Quote from AlexR on April 21, 2026, 12:28 am@jakeontheloose If there are a lot of files and they actually matter to you, better to pay for proper software now than regret later. Either way it's still nowhere near what a recovery lab would cost. Like, we're talking maybe $50-90 for a license versus several hundred dollars for professional data recovery services, sometimes more. Labs make sense when there's actual physical damage. For logical data loss like this, software is absolutely the right move.
@jakeontheloose If there are a lot of files and they actually matter to you, better to pay for proper software now than regret later. Either way it's still nowhere near what a recovery lab would cost. Like, we're talking maybe $50-90 for a license versus several hundred dollars for professional data recovery services, sometimes more. Labs make sense when there's actual physical damage. For logical data loss like this, software is absolutely the right move.
Quote from JakeOnTheLoose on April 21, 2026, 9:14 amUpdate: Fine, you convinced me. I ended up buying Disk Drill. Went with the lifetime license since if something like this ever happens again, I don’t want to pay twice. Not gonna lie, it was worth it.
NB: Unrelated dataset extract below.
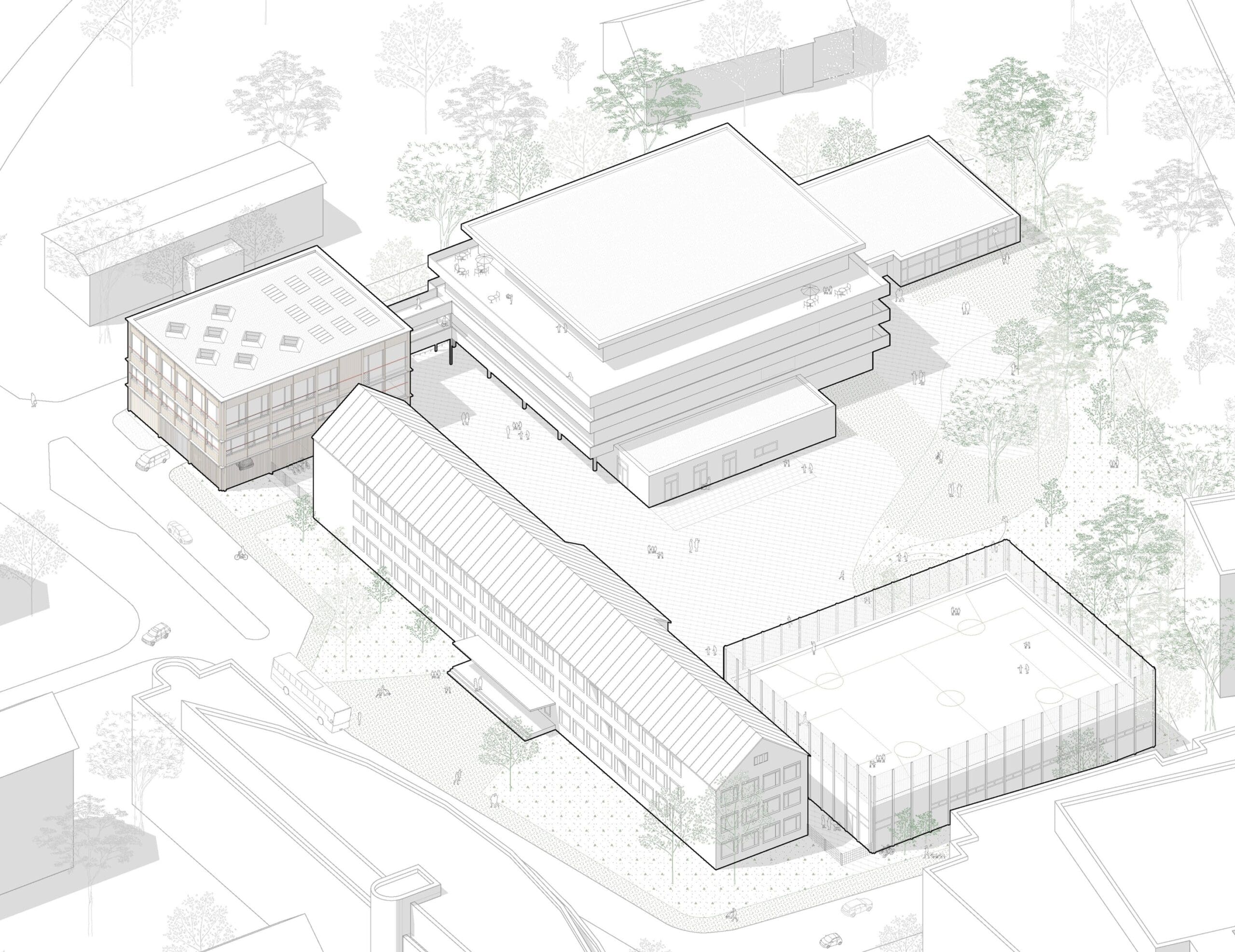 Mit dem Baubeginn im Juni 2025 befindet sich das Projekt aktuell in der Realisierungsphase. Die Fertigstellung ist für August 2026 vorgesehen. Der Erweiterungsbau schafft die räumlichen Voraussetzungen für einen modernen Schulbetrieb und zeigt zugleich, wie Holz als zentraler Baustoff im Bildungsbau eingesetzt werden kann.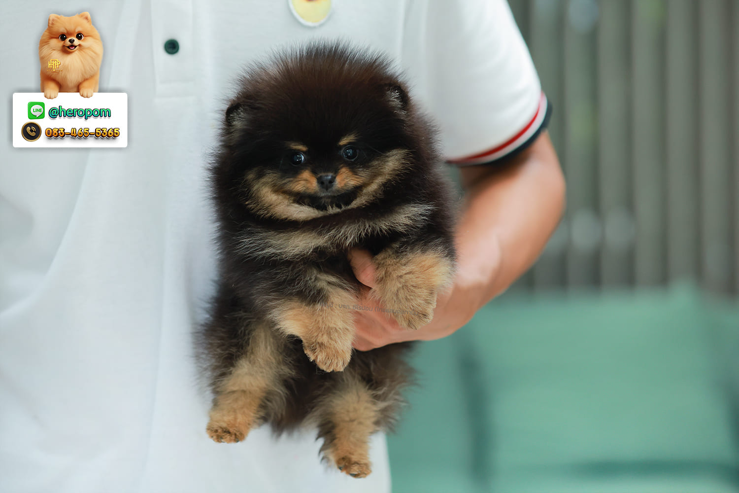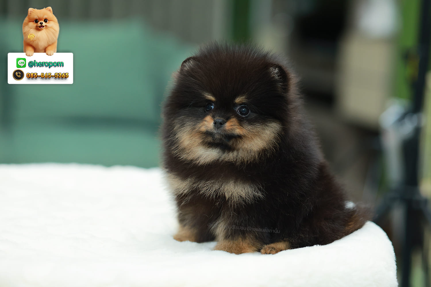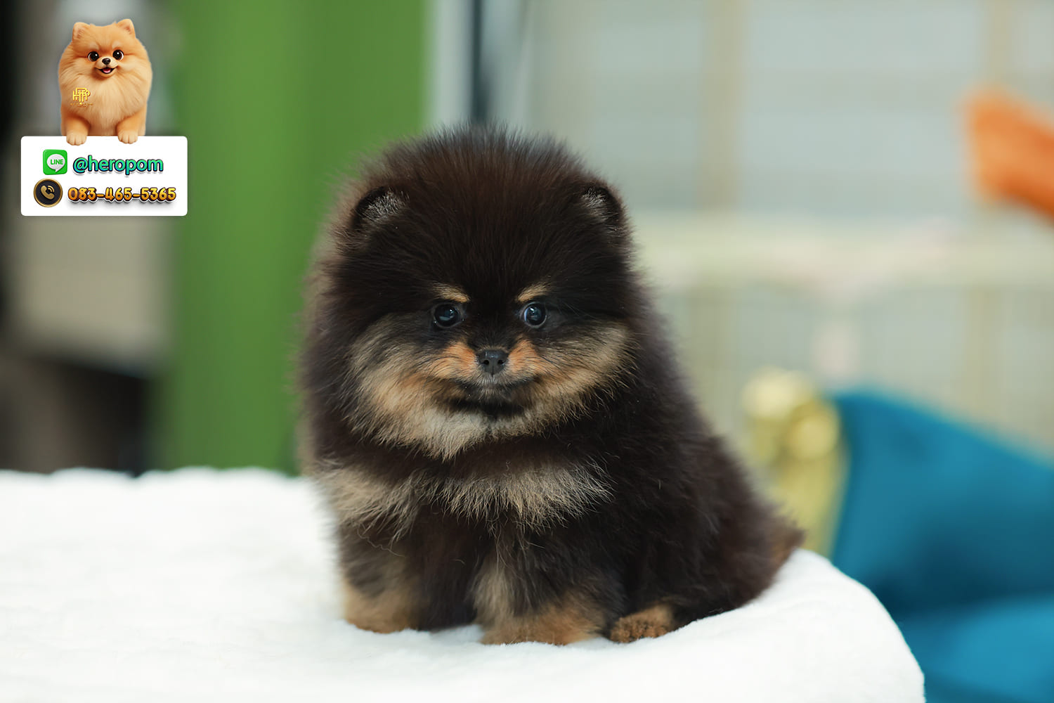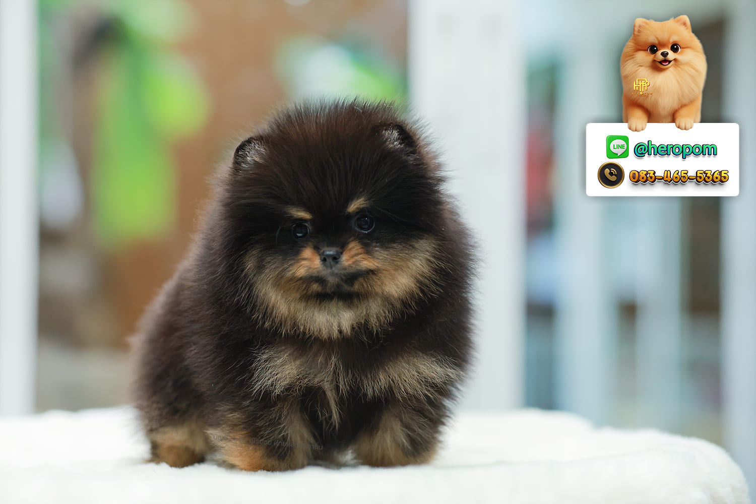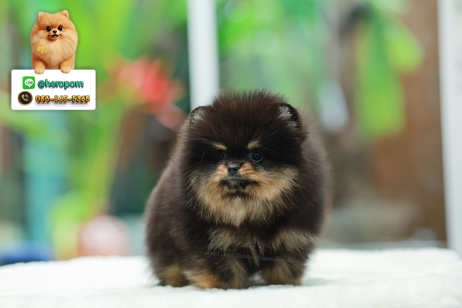 ปอมแท้ ปอมหน้าสั้น HRM-10826 เพศชาย สีแบล็คแทน หนุ่มฮอต หน้าตาน่ารัก น่าเอ็นดูมาก ๆ แก้มนุ่ม ขาใหญ่ ขนแน่น พาราน่าร๊ากก มีใบรับรองจากสมาคมพัฒนาพันธุ์สุนัข (ใบเพ็ดดีกรีเต็มใบ) ส่งทั่วประเทศ

Out of about 15 GB, I managed to recover 14.8 GB, which I didn’t even expect tbh. I’m not sure what happened to the rest, but I guess that’s just how it goes. Photos are there and videos play fine. A couple of longer videos have some artifacts, but it’s not a big deal and everything else recovered without issues.
Compared to the other tools I tried, Disk Drill was by far the easiest to work with. I also liked that the files weren’t just dumped randomly like in PhotoRec, and all of them kept their original names, which made everything much easier to sort through.
Thank you all so much, especially @datarecoverexpert! You literally saved years of memories for me.
Update: Fine, you convinced me. I ended up buying Disk Drill. Went with the lifetime license since if something like this ever happens again, I don’t want to pay twice. Not gonna lie, it was worth it.
Out of about 15 GB, I managed to recover 14.8 GB, which I didn’t even expect tbh. I’m not sure what happened to the rest, but I guess that’s just how it goes. Photos are there and videos play fine. A couple of longer videos have some artifacts, but it’s not a big deal and everything else recovered without issues.
Compared to the other tools I tried, Disk Drill was by far the easiest to work with. I also liked that the files weren’t just dumped randomly like in PhotoRec, and all of them kept their original names, which made everything much easier to sort through.
Thank you all so much, especially @datarecoverexpert! You literally saved years of memories for me.